Absent perfusion pattern is present when no focal uptake of the tracer is noted in the involved region. Acutely normal and high perfusion
patterns predict minor stroke (CNS scores 11.5 to 9.1), mixed and low patterns predict moderate stroke (CNS scores 9.0 to 5.1), and
absent perfusion pattern is a predictor of severe stroke and death (CNS scores 5.0 to 0).

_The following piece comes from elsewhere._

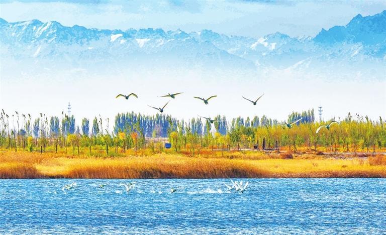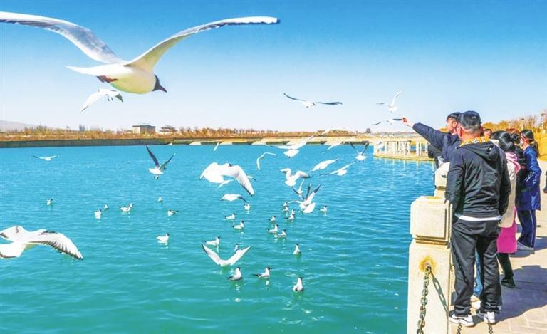 现在一到春天,嘉峪关市就会迎来一大批特殊的“访客”——遗鸥、红嘴鸥、渔鸥成群结队,或翱翔于湛蓝天空,或嬉戏于碧波之上。游客、市民争相前往观赏千鸟齐翔的震撼场景,一幅人与自然和谐相处的美好画卷跃然眼前。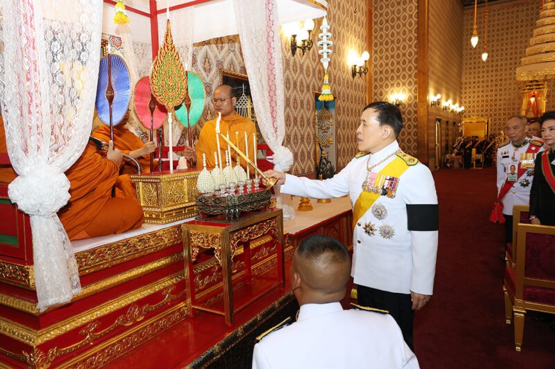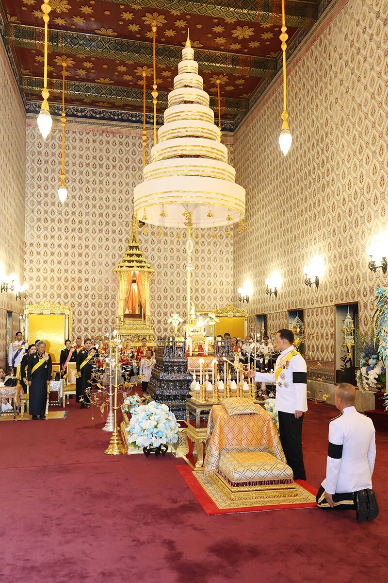 จากนั้น พระบาทสมเด็จพระเจ้าอยู่หัว ทรงจุดธูปเทียนเครื่องราชสักการะทองลงยาราชาวดี และทรงจุดธูปเทียนเครื่องทองน้อย สมเด็จพระนางเจ้า ฯ พระบรมราชินี ทรงจุดธูปเทียนเครื่องราชสักการะทองลงยารอง และทรงจุดธูปเทียนเครื่องทองน้อย

32. Brain SPECT Images of Healthy, PTSD, TBI and PTSD Co-morbid with TBI
Perfusion Patterns. Top row, underneath surface scans, threshold set at 55%,
looking at top 45% of brain perfusion. Bottom row, underneath active scans where
blue = 55%, looking at top 45% of brain perfusion, red = 85% and white 93%.
Healthy shows full even, symmetrical perfusion with most active area in cerebellum.
Classic PTSD shows increased anterior cingulate, basal ganglia and thalamus
perfusion. Classic TBI shows multiple areas of low perfusion seen on surface scans
(top row). TBI and PTSD show both.

33. CT (top) and 99mTc-HMPAO SPECT (bottom)
images from 16-y-old patient with traumatic
brain injury after traffic accident. (A) CT at time
of admission shows subarachnoid hemorrhage
with small contusional hemorrhagic foci in both
frontal lobes (orange arrowheads). Glasgow
score was 12. During hospitalization, patient’s
clinical status worsened, and Glasgow score
decreased to 6. No changes were seen on CT
scan. SPECT was subsequently performed and
shows absence of tracer uptake (cold areas) in
anteromedial aspect of both frontal lobes
corresponding to hemorrhagic lesions, in
addition to global hypoperfusion, more marked
in both frontal cortices (white arrows). (B) CT
and SPECT images obtained 1 mo later at time
of discharge after clinical recovery. Hypodense
images in both frontal lobes can be seen on CT
as consequence of hematoma’s resolution.
Corresponding cold areas persist on SPECT
image (orange arrowheads) but show
improvement in global cerebral perfusion,
particularly in both frontal lobes (white arrows).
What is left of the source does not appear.